PENDLETON, Ind., Aug. 19, 2015 /PRNewswire/ -- Remy International, Inc. (NASDAQ: REMY) announced today that a special meeting of Remy stockholders has been scheduled in connection with BorgWarner Inc.’s (NYSE:BWA) proposed acquisition of Remy. The special meeting has been scheduled for Remy stockholders to, among other things, consider and vote upon a proposal to adopt the previously announced merger agreement, dated as of July 12, 2015, entered into among Remy, BorgWarner and a wholly owned subsidiary of BorgWarner. Under the terms of the merger agreement, each share of common stock of Remy issued and outstanding immediately prior to the effective time of the merger (other than excluded shares and dissenting shares) will be converted into the right to receive $29.50 per share in cash, without interest and less any applicable withholding taxes.

The special meeting is currently scheduled to be held on Tuesday, September 22, 2015 at 10:00 a.m., local time, at Remy’s headquarters (600 Corporation Drive, Pendleton, Indiana 46064). Stockholders of record as of the close of business on August 14, 2015 will be entitled to notice of and to vote at (in person or by proxy) the special meeting and at any adjournment or postponement thereof.

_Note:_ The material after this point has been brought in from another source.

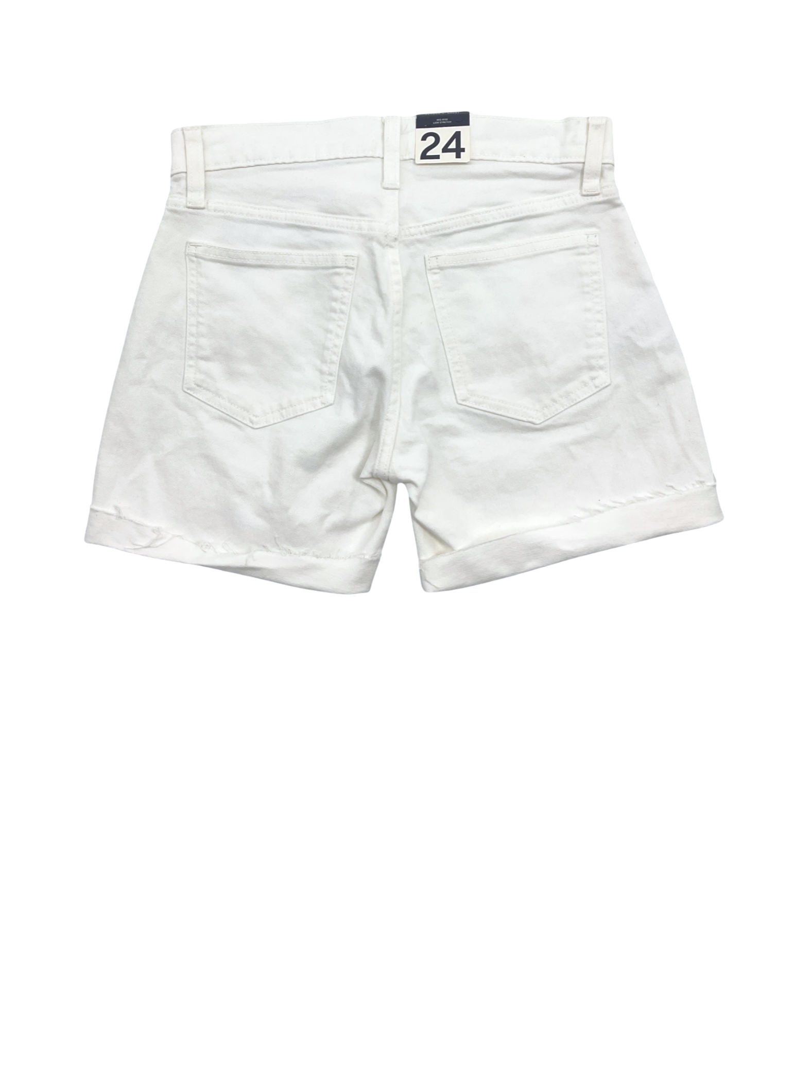 These pre-owned GAP denim shorts are the perfect addition to your summer wardrobe. They feature a classic high-waisted design and a crisp white color, making them versatile for any outfit. Made from a durable cotton blend with a touch of spandex for comfort, these shorts offer a flattering fit. In excellent condition, these GAP shorts are a stylish and sustainable choice. The 5" inseam gives a flattering look, ideal for everyday wear or a casual outing.

The definitive proxy statement in respect of the special meeting was filed with the United States Securities and Exchange Commission on August 18, 2015, and Remy currently expects to commence mailing of the proxy materials to stockholders on or about August 20, 2015.

Remy’s board of directors recommends a vote “FOR” approval of the proposal to adopt the merger agreement.

The closing of the proposed acquisition of Remy by BorgWarner remains subject to other customary closing conditions in addition to the adoption of the merger agreement by Remy’s stockholders, including the making or obtaining of any filings, authorizations, consents or approvals regarding the acquisition required pursuant to antitrust laws in Austria, Germany, China, Korea and Mexico and the termination or expiration of any applicable waiting period thereunder. Assuming the timely satisfaction of the closing conditions, the transaction is currently expected to be completed in the fourth quarter of 2015.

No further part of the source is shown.